LA REINA DE LA SIMPATÍA Y LA ELEGANCIA
La nueva reina había estudiado en Francia y seguido curso especializados sobre Civilización Occidental" en la Sorbona de París. Tenía 18 anos , media 1,66m y pesaba 46 kilos. Era soltera y también estudiaba danza con una profesora del Ballet Uthoff.
Luego de elegida, María Angélica confesaba:
"El día de la elección estaba hecha un atado de nervios, cuando al llegar al Carrera vi. un grupo de señoras que nos miraban.

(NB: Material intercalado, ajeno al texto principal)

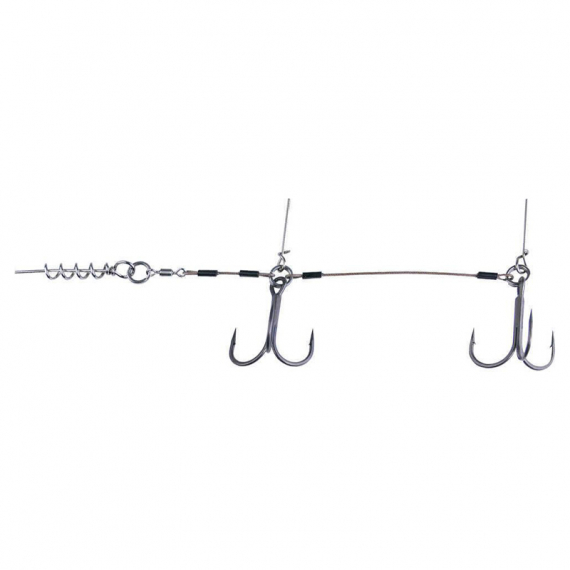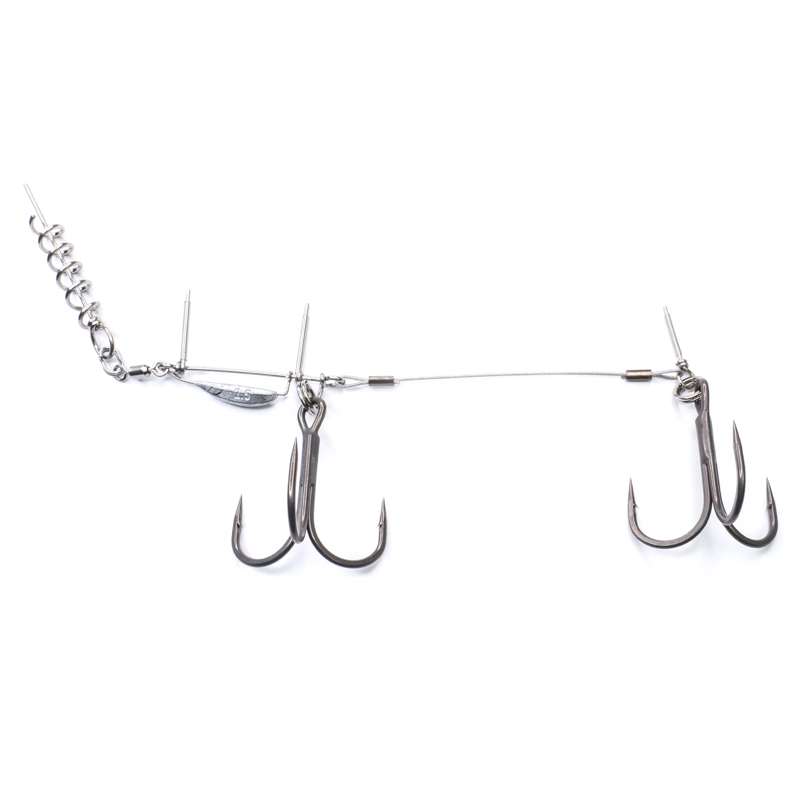 Mit bemerkenswerten Verbesserungen im Vergleich zu einem Standard-Stinger-Rig verfügt es über ein schnelles und intuitives Bleiersatzsystem zum Anpassen des Sinkmusters Ihres Köders und mit Kunststoffmaterial überzogene Stifte, damit das Rig perfekt am Köderkörper haftet.

Una de las muchachas que estaba conmigo me sopló al oído: "Échate polvos en la nariz que ellas son el jurado que escogerá a la reina".
"Cuando las siete finalistas tuvimos que pasar individualmente a una sala para conversar con el jurado, miré de reojo la tarjeta de una de las señoras. Tenía escrita una lista con: belleza, garbo, personalidad, elegancia, simpatía y modo de caminar.
Entonces, le puse harta tinca a las contestaciones de las preguntas que me hacían y me paseé derechita, como que no sabía nada".
"La elegancia es condición innata de la mujer. No es necesario gastar mucho para lucir una linda tenida. Todo depende del gusto de cada cual".
"Sé cocinar, practico deportes. Siento debilidad por la lectura y la música y detecto el Rock, porque es poco decente".
"Lo único que no me gustó del concurso es haber quedado sola, sin la grata compañía de las demás candidatas".
"Me preocupa la política, porque es parte de la cultura general".
"En Chile, las costumbres son más liberales que en Francia. Aquí la joven aprende vida social antes que la francesa, aunque ésta es más independiente cuando llega a la mayoría de edad".
"Creo que los concursos son algo maravilloso. Me permitirá intentar el aumento del prestigio nuestro en USA. Deberían hacerse todos los años".
De esta manera finalizaba este singular concurso y al poco tiempo, María Angélica Salas tomaría el avión de Aerolíneas Peruanas, rumbo a Miami, para compartir durante 11 días con las más lindas de América. En su equipaje, muy bien doblados, una veintena de elegantes trajes especialmente confeccionados y uno típico campestre, obsequio de una casa de modas.